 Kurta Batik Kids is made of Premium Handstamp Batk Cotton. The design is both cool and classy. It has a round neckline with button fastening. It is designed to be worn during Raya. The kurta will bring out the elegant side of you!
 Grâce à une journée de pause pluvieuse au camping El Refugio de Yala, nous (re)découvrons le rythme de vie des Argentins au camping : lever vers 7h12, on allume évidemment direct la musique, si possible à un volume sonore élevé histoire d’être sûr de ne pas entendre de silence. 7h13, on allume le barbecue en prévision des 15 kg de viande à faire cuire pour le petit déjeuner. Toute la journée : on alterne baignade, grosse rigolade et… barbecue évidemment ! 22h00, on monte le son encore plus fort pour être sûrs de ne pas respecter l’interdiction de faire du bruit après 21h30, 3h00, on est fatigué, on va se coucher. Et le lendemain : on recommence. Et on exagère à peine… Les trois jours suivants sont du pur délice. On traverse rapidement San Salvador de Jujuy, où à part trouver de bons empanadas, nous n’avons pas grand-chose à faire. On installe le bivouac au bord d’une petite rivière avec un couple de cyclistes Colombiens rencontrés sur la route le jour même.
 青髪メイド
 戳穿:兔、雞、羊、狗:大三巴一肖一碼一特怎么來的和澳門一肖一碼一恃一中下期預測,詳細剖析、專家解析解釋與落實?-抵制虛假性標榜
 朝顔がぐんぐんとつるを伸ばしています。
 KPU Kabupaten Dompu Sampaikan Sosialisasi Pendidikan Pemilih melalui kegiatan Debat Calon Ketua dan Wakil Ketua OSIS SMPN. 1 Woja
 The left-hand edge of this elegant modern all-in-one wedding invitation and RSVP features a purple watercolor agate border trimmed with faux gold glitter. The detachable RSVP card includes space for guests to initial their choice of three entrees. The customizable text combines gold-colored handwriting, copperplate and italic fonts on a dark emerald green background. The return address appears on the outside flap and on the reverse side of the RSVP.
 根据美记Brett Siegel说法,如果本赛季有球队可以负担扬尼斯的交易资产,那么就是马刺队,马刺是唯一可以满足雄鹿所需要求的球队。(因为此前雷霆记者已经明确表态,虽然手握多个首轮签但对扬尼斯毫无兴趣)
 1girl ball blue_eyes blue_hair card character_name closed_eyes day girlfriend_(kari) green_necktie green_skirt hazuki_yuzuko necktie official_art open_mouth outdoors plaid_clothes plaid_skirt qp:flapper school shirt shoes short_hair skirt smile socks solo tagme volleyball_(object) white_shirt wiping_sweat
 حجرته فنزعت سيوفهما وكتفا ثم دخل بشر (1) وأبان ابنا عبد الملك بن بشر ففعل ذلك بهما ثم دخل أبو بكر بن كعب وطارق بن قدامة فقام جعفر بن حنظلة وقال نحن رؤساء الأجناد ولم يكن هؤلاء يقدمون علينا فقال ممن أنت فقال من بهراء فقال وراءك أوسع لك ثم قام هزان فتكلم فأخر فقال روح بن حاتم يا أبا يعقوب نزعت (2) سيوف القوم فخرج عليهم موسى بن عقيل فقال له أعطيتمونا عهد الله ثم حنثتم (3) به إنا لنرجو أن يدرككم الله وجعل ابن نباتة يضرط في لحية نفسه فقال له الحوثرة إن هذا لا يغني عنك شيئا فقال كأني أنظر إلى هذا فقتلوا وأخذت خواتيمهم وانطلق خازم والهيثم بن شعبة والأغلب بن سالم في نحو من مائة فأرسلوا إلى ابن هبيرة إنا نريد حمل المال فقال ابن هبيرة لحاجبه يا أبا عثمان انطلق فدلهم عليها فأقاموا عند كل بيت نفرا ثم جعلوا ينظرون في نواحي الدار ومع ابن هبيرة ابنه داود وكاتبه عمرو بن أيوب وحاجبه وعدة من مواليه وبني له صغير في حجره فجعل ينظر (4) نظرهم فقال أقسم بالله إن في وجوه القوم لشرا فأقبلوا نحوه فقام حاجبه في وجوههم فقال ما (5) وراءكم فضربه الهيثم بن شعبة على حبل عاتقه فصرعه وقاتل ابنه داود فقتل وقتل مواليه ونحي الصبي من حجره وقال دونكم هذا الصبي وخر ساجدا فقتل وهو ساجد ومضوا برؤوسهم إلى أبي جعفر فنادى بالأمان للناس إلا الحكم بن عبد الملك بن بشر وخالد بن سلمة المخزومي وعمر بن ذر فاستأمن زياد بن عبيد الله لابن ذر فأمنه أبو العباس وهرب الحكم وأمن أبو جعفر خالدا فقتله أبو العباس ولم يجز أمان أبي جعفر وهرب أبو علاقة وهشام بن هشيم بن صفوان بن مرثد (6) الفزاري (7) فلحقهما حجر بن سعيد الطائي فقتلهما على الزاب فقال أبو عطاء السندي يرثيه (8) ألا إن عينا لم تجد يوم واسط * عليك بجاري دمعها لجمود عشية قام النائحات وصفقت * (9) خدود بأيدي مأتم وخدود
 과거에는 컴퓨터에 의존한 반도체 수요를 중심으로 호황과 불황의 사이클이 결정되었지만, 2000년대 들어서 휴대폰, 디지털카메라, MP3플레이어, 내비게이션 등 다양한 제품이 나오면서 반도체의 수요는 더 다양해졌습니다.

WHAT THE EXERCISE ASKS => From the data above, copy each line that holds "elegant".

WRITTEN ANSWER =>
 Kurta Batik Kids is made of Premium Handstamp Batk Cotton. The design is both cool and classy. It has a round neckline with button fastening. It is designed to be worn during Raya. The kurta will bring out the elegant side of you!
 The left-hand edge of this elegant modern all-in-one wedding invitation and RSVP features a purple watercolor agate border trimmed with faux gold glitter. The detachable RSVP card includes space for guests to initial their choice of three entrees. The customizable text combines gold-colored handwriting, copperplate and italic fonts on a dark emerald green background. The return address appears on the outside flap and on the reverse side of the RSVP.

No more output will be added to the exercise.